Logging - posibility of losing logs
Closed this issue · 7 comments
Let's say I have container which logs massively. Supported configuration from RedHat uses JSON files on /var/log/containers. But it will eventually eat all filesystem because those logs are deleted after pod deletion. One way to combat this situation is to use max-size.
Let's imagine this scenario (for demonstration, log entry will have 1 MB and max-size is 50MB):
- container's log on node has 49.5 MB, fluend position is at EOF
- container logs 1 MB
- current log on node has 50.5 MB, fluend reads and tries to forward to ES but some problem happens (network failure, ES down, whatever) -> so no data has been sent
- container logs 1 MB
- docker daemon checks for max-size of logging file before writing => so it truncates file to 0 (https://github.com/moby/moby/blob/77faf158f5265711dbcbff0ffb855eed2e3b6ccd/daemon/logger/loggerutils/logfile.go#L174)
Same idea applies for dead containers, k8s GC could have deleted dead containers before sending data to ES (maximum-dead-containers-per-container, default value is 1).

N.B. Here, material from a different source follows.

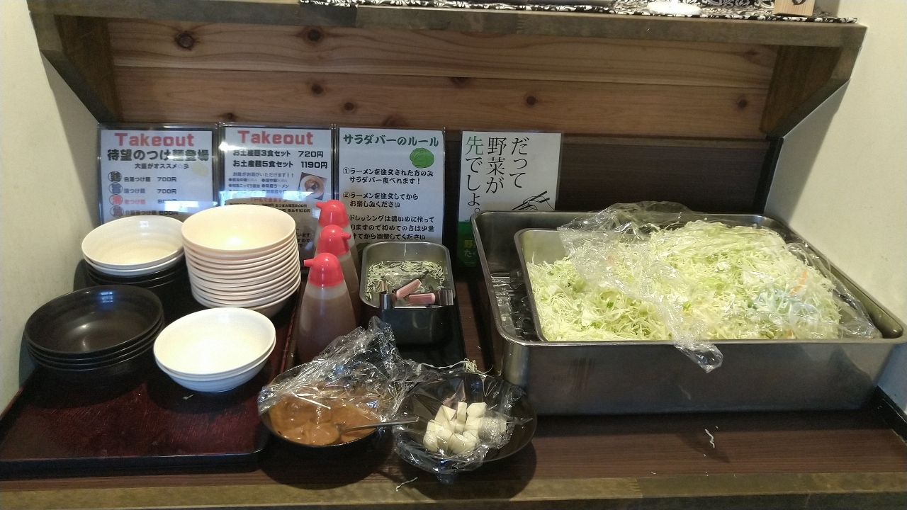 なんとここのラーメン屋さん、ラーメンを注文した人なら、誰でも食べれる無料のサラダバーがあります。

Is there any way to truncate/rotate/delete logs from nodes based on acknowledgment from fluentd that those data has been successfully sent or any idea how to get it working 100% and not to lose a single log line?

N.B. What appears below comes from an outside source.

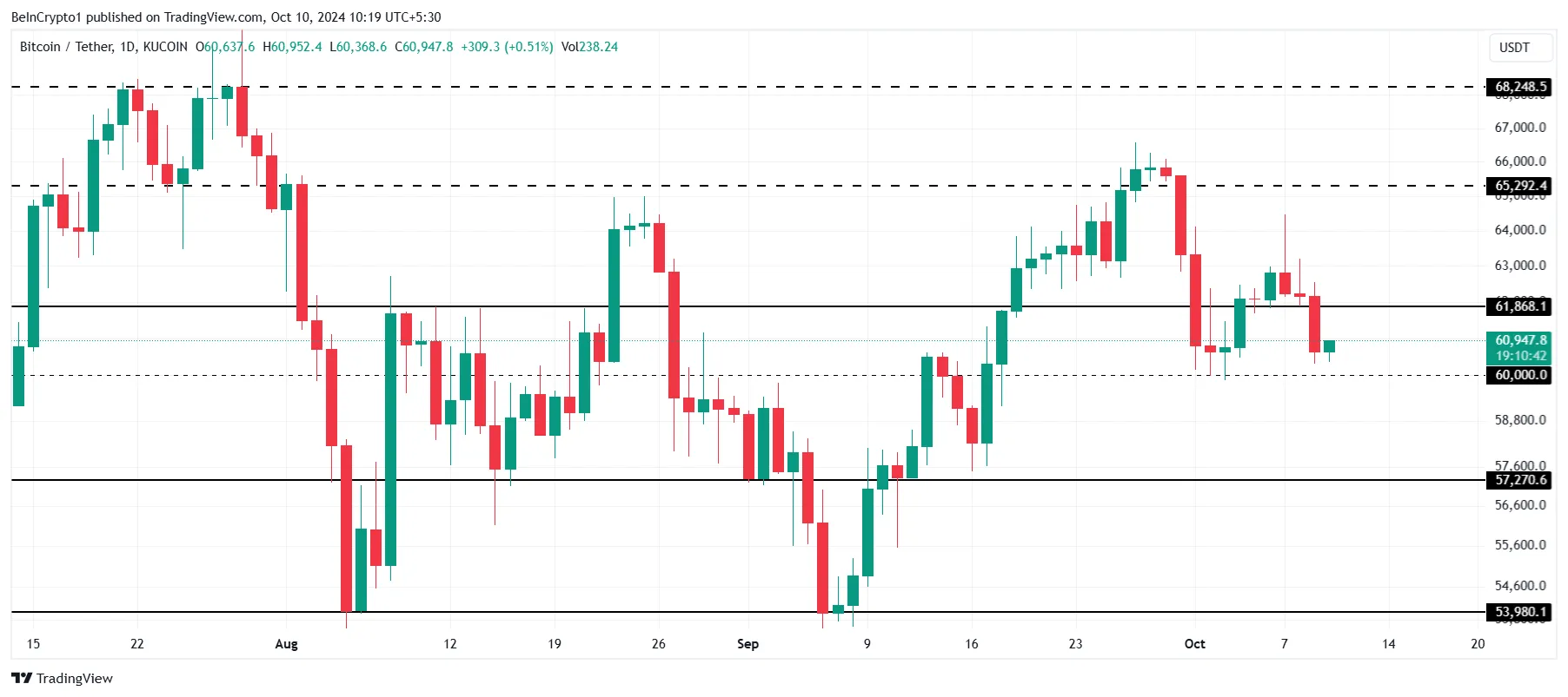 O Bitcoin seguiu tendências de mercado mais amplas, negociado atualmente a US$ 60.947. Apesar do declínio, o ativo está mantendo uma posição forte acima do nível de suporte crucial de US$ 60 mil. Este suporte-chave até agora evitou mais perdas e é crítico para a perspectiva de preço de curto prazo.

Is there any way to truncate/rotate/delete logs from nodes based on acknowledgment from fluentd that those data has been successfully sent or any idea how to get it working 100% and not to lose a single log line?
I don't know, but I would like to know. Have you tried asking the upstream fluentd community?

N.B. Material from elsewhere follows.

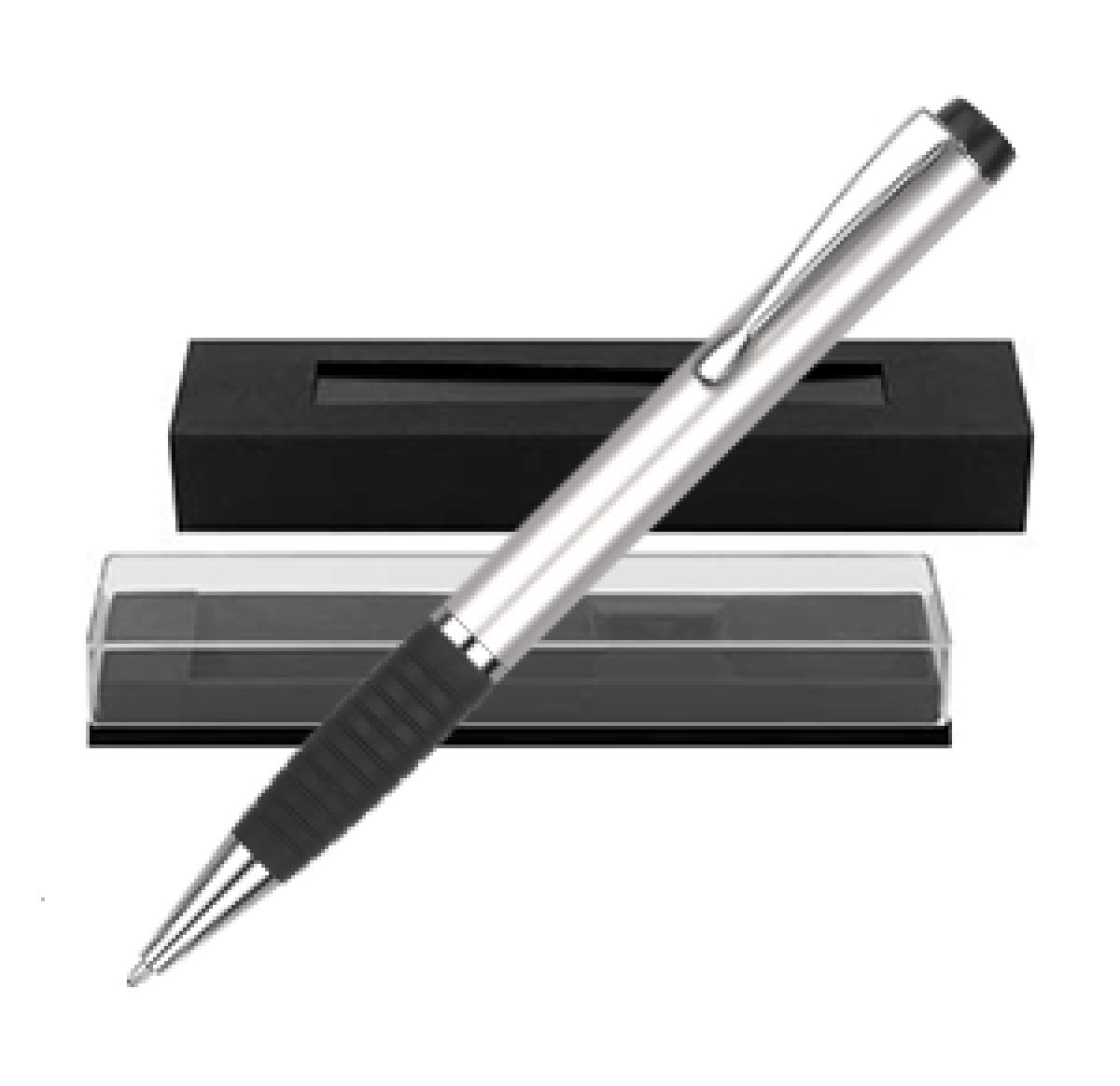 Twist-action ballpen with chrome trim and black ribbed rubber grip. Metal ink refill as standard. Supplied with Presentation Box. Also known as Warwick Ballpen.

Note that OpenShift 4.x uses CRI-O instead of docker - CRI-O has max-size and rotation parameters - not sure how to configure them.
Note that logging 4.2 will support rsyslog in addition to fluentd.
@alanconway is there work here to be done on the collector side to resolve this or is this purely related to the runtime work you started?
@camabeh
Is there any way to truncate/rotate/delete logs from nodes based on acknowledgment from fluentd that those data has been successfully sent or any idea how to get it working 100% and not to lose a single log line?
We strive to collect all logs from the system but we make no guarantees
This problem would likely be solved by a solution like the one proposed for conmon [1].
Closing issue to be resolved by impl of containers/conmon#84